Een andere leerling toont haar zwemdiploma, een aantal kinderen vertelt dat het vanmiddag gezellig naar een kinderfeestje gaat. Na dit gezellige moment van de dag lees ik het verhaal voor dat bij Trefwoord centraal staat vandaag. Naar aanleiding van dit verhaal hebben we een mooi gesprek. Ook nemen we de dag met elkaar door: wat gaan we allemaal doen en leren vandaag? Middels dagritmekaarten is voor alle kinderen visueel gemaakt wat er op de planning staat. Bij alle onderdelen wordt al een kort tipje van de sluier gegeven: wat gaan we leren in die les? Het leerdoel benoemen gebeurt natuurlijk ook in de les zelf. Doelen stellen én delen met leerlingen draagt namelijk in hoge mate bij aan de opbrengsten (Hattie, 2003).
Stappenplan spelling
9.00 uur 'Tijd voor spelling!' In de leesles staat straks de letter 'b' centraal. Maar eerst benoem ik aan de kinderen dat we met spelling aan de slag gaan: het schrijven van woorden en zinnen. Al vanaf het begin van het schooljaar wordt concreet benoemd aan de leerlingen wat we bedoelen met de terminologie van de verschillende schoolvakken.
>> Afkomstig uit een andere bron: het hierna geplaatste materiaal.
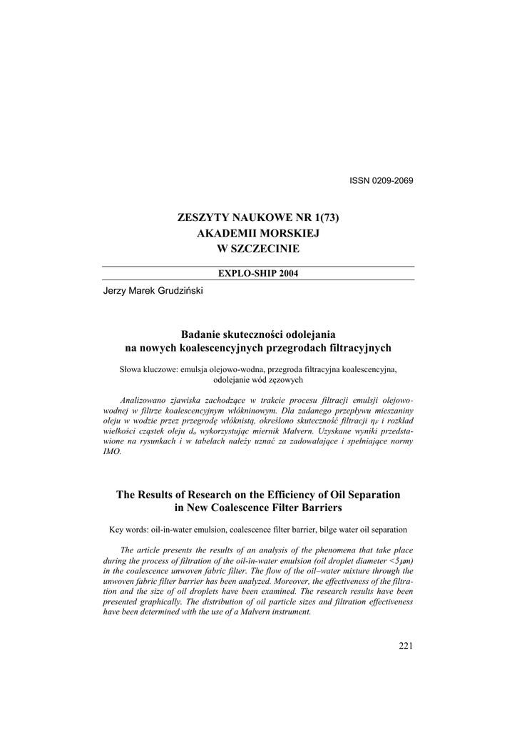 ISSN 0209-2069 ZESZYTY NAUKOWE NR 1(73) AKADEMII MORSKIEJ W SZCZECINIE EXPLO-SHIP 2004 Jerzy Marek Grudziński Badanie skuteczności odolejania na nowych koalescencyjnych przegrodach filtracyjnych Słowa kluczowe: emulsja olejowo-wodna, przegroda filtracyjna koalescencyjna, odolejanie wód zęzowych Analizowano zjawiska zachodzące w trakcie procesu filtracji emulsji olejowowodnej w filtrze koalescencyjnym włókninowym. Dla zadanego przepływu mieszaniny oleju w wodzie przez przegrodę włóknistą, określono skuteczność filtracji ηF i rozkład wielkości cząstek oleju do wykorzystując miernik Malvern. Uzyskane wyniki przedstawione na rysunkach i w tabelach należy uznać za zadowalające i spełniające normy IMO. The Results of Research on the Efficiency of Oil Separation in New Coalescence Filter Barriers Key words: oil-in-water emulsion, coalescence filter barrier, bilge water oil separation The article presents the results of an analysis of the phenomena that take place during the process of filtration of the oil-in-water emulsion (oil droplet diameter <5m) in the coalescence unwoven fabric filter. The flow of the oil–water mixture through the unwoven fabric filter barrier has been analyzed. Moreover, the effectiveness of the filtration and the size of oil droplets have been examined. The research results have been presented graphically. The distribution of oil particle sizes and filtration effectiveness have been determined with the use of a Malvern instrument. 221 Jerzy Marek Grudziński Wprowadzenie Poważnym problemem ochrony środowiska morskiego są zaolejone ścieki wytwarzane przez obiekty pływające. Zanieczyszczenie wód produktami olejowymi1 przez statki może następować w wyniku: – – – – wylewania wody balastowej i po myciu zbiorników ładunkowych, usuwania wód zęzowych, awarii zbiornikowców i innych statków, pęknięć przewodów w czasie ładowania i rozładowywania ropy naftowej, – wycieków olejów z łożysk wałów śrubowych oraz innych elementów ruchomych smarowanych olejami, mających kontakt z wodą [1 – 5]. Wszystkie te zanieczyszczenia charakteryzują się dużą zawartością substancji ropopochodnych, a ich powstawanie jest zjawiskiem praktycznie nie uniknionym. 1. Badania skuteczności odolejania z zastosowaniem przegród FOW, IPP 1449/20 i FINET POP 2 w warunkach laboratoryjnych na modelu filtra 1.1. Założenia do badań W związku z niejednoznacznym określeniem zjawisk zachodzących na przegrodzie włókninowej [1] w celu sprawdzenia rozważań teoretycznych oraz zbadania skuteczności procesu koalescencji oleju na przegrodzie wielowarstwowej wykonanej z włókien syntetycznych zaprojektowano i wykonano odolejacz modelowy filtra ze szkła (rys. 1). Przy wyborze rozwiązania konstrukcji filtra do badań założono: – poziome usytuowanie przegrody i napływ zaolejonej wody od dołu; – zatrzymywanie oleju na całej powierzchni przegrody oraz w jej wnętrzu, a wydzielanie się go w górnej powierzchni przegrody w postaci kropel, które odrywając się będą zbierały się w górnej części cylindra; – odprowadzanie oczyszczonej wody znad przegrody króćcem, tak usytuowanym, aby nie było możliwe dostanie się tam wydzielonego oleju. 1 Olej – zgodnie z konwencją MARPOL [16] i Helsińską [17], należy rozumieć surową ropę naftową, produkty jej przeróbki oraz odpady (np. zaolejona woda zęzowa) zawierające ropę i jej produkty. 222 Badanie skuteczności odolejania na nowych koalescencyjnych przegrodach filtracyjnych Rys. 1. Mocowanie badanej przegrody na filtrze laboratoryjnym: 1 – cylinder szklany, 2 – badana przegroda, 3 – uszczelka, 4 – kołnierz, 5 – podkładka, 6 – nakrętka Fig. 1. The mounting of the filter barrier Filtr laboratoryjny (model filtru) (rys. 1) wykonano z dwóch szklanych cylindrów z góry i z dołu zakrytych pokrywami, które ściągnięto szpilkami. W celu dogodniejszej wymiany włókien, w środkowej części umieszczono łatwo dające się rozmontować kołnierze. Uwzględniając podobieństwa przepływu dynamicznego i kinematycznego w kanałach porów (kapilarach) filtru okrętowego i filtru laboratoryjnego, z zastosowaniem tej samej przegrody, liczba Reynoldsa wynosiła: Re R Re M (1) w dk w dk R M (2) gdzie: – gęstość wody, w – prędkość przepływu przez filtr, dk – średnica kapilary, – współczynnik lepkości dynamicznej wody, indeksy R i M odnoszą się do filtru okrętowego i filtru laboratoryjnego. Z równania (2) otrzymano: R M d kR wR 1 M R d kM wM (3) 223 Jerzy Marek Grudziński Zakładając niezmienność parametrów , , dk uzyskano: wR wM (4) uwzględniając powyższą równość określono strumień objętościowy: F q M q R M FR (5) W badaniach przegród przyjęto strumień objętościowy qM = 30–90 [dm3/h]. W filtrze modelowym umieszczono różne przegrody włókniste. Badanie danej przegrody przeprowadzono używając modelowej mieszaniny wodnoolejowej: woda wodociągowa – paliwo lekkie (tab. 1). Tabela 1 Własności paliwa lekkiego Properties of Diesel oil Lp. Nazwa wielkości Paliwo lekkie 1 Gęstość w 20°C [g/cm3] 0,8753 2 Lepkość dynamiczna w 40°C [cP] 14,72 3 Lepkość kinematyczna w 40°C [cSt] 17,08 4 Zawartość wody max. [%] 0,10 5 Temperatura zapłonu [°C] 101 1.2. Filtracyjne przegrody włókniste Obecnie przegrody wykonane techniką igłowania z różnych włókien naturalnych i sztucznych osiągają skuteczności oddzielania filtrowanych mediów na poziomie 99,9% [10 – 15]. Użyte przegrody włókninowe w badaniach wykonano z surowców sztucznych hydrofobowych włókien PP (4,6 den) i PE (1,5; 4 den), dodatkowo do włókniny FOW wprowadzono cienkie włókna szklane o średnicy 4 µm. W celu wyeliminowania odkształcenia włóknin w czasie pracy do włókniny wprowadzono tkaninę wzmacniającą ET z włókien PE (elana-2dtex). Tak wykonane maty poddano dalszej obróbce chemicznej lub termicznej (wygładzaniu) i impregn

Ik benoem wat we vandaag gaan leren: het lesdoel delen met kinderen is van groot belang (Hattie, 2009, Schmeier, 2014). Kinderen zijn meer betrokken, weten waar zij op moeten letten en de leerkracht kan na de les gemakkelijk terugkomen op het lesdoel en de leerlingen van feedback voorzien (Vernooy, 2012). De kinderen kijken naar het bord terwijl ik het leerdoel met hen deel: 'ik kan woorden schrijven met drie klanken met de letters die we tot nu toe hebben geleerd. Ik gebruik daarbij het stappenplan spelling'.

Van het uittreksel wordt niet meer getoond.